In this chapter, we reviewed basic statistical inference methods in the context of a two-sample mean problem using linear models and the lm function. You were introduced to using R to do enhanced visualizations (pirate-plots), permutation testing, and generate bootstrap confidence intervals as well as obtaining parametric \(t\)-test and confidence intervals. You should have learned how to use a for loop for doing the nonparametric inferences and the lm and confint functions for generating parametric inferences. In the examples considered, the parametric and nonparametric methods provided similar results, suggesting that the assumptions were not too violated for the parametric procedures. When parametric and nonparametric approaches disagree, the nonparametric methods are likely to be more trustworthy since they have less restrictive assumptions but can still make assumptions and can have problems.

When the noted conditions are violated in a hypothesis testing situation, the Type I error rates can be inflated, meaning that we reject the null hypothesis more often than we have allowed to occur by chance. Specifically, we could have a situation where our assumed 5% significance level test might actually reject the null when it is true 20% of the time. If this is occurring, we call a procedure liberal (it rejects too easily) and if the procedure is liberal, how could we trust a small p-value to be a “real” result and not just an artifact of violating the assumptions of the procedure? Likewise, for confidence intervals we hope that our 95% confidence level procedure, when repeated, will contain the true parameter 95% of the time. If our assumptions are violated, we might actually have an 80% confidence level procedure and it makes it hard to trust the reported results for our observed data set. Statistical inference relies on a belief in the methods underlying our inferences. If we don’t trust our assumptions, we shouldn’t trust the conclusions to perform the way we want them to. As sample sizes increase and/or violations of conditions lessen, then the procedures will perform better. In Chapter 3, some new tools for doing diagnostics are introduced to help us assess how and how much those validity conditions are violated.
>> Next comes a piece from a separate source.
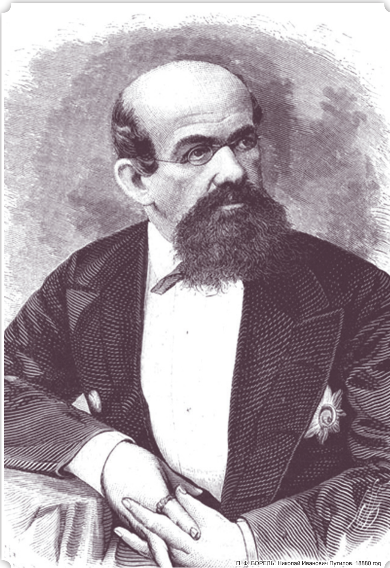
П. Ф. БОРЕЛЬ. Николай Иванович Путилов. 18880 год

Есть в истории России имена, которые оказались не под силу бесследно стереть с её страниц политическим пристрастиям времени.

It is good to review how to report hypothesis test conclusions and compare those for when we have strong, moderate, or weak evidence. Suppose that we are doing parametric inferences with lm for differences between groups A and B, are extracting the \(t\)-statistics, have 15 degrees of freedom, and obtain the following test statistics and p-values:

\(t_{15} = 3.5\), p-value = 0.0016:
There is strong evidence against the null hypothesis of no difference in the true means of the response between A and B (\(t_{15} = 3.5\), p-value = 0.0016), so we would conclude that there is a difference in the true means.
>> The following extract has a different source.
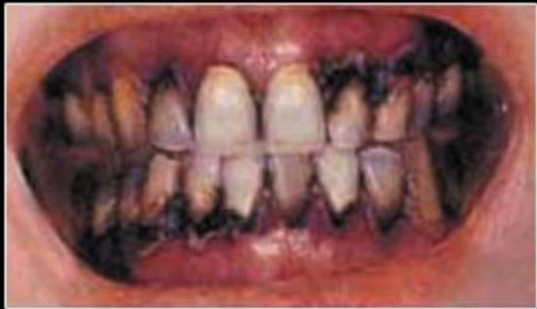
УЛЫБКА КУРИЛЬЩИКА ОНА ПРОСТО СНОГШИБАТЕЛЬНА

\(t_{15} = 1.75\), p-value = 0.0503:
There is moderate evidence against the null hypothesis of no difference in the true means of the response between A and B (\(t_{15} = 1.75\), p-value = 0.0503), so we would conclude that there is likely⁵⁸ a difference in the true means.
\(t_{15} = 0.75\), p-value = 0.232:
There is weak evidence against the null hypothesis of no difference in the true means of the response between A and B (\(t_{15} = 0.75\), p-value = 0.232), so we would conclude that there is likely not a difference in the true means.

The last conclusion also suggests an action to take when we encounter weak evidence against null hypotheses – we could potentially model the responses using the null model since we couldn’t prove it was wrong. We would take this action knowing that we could be wrong, but the “simpler” model that the null hypothesis suggests is often an attractive option in very complex models, such as what we are going to encounter in the coming chapters, especially in Chapters 5 and 8.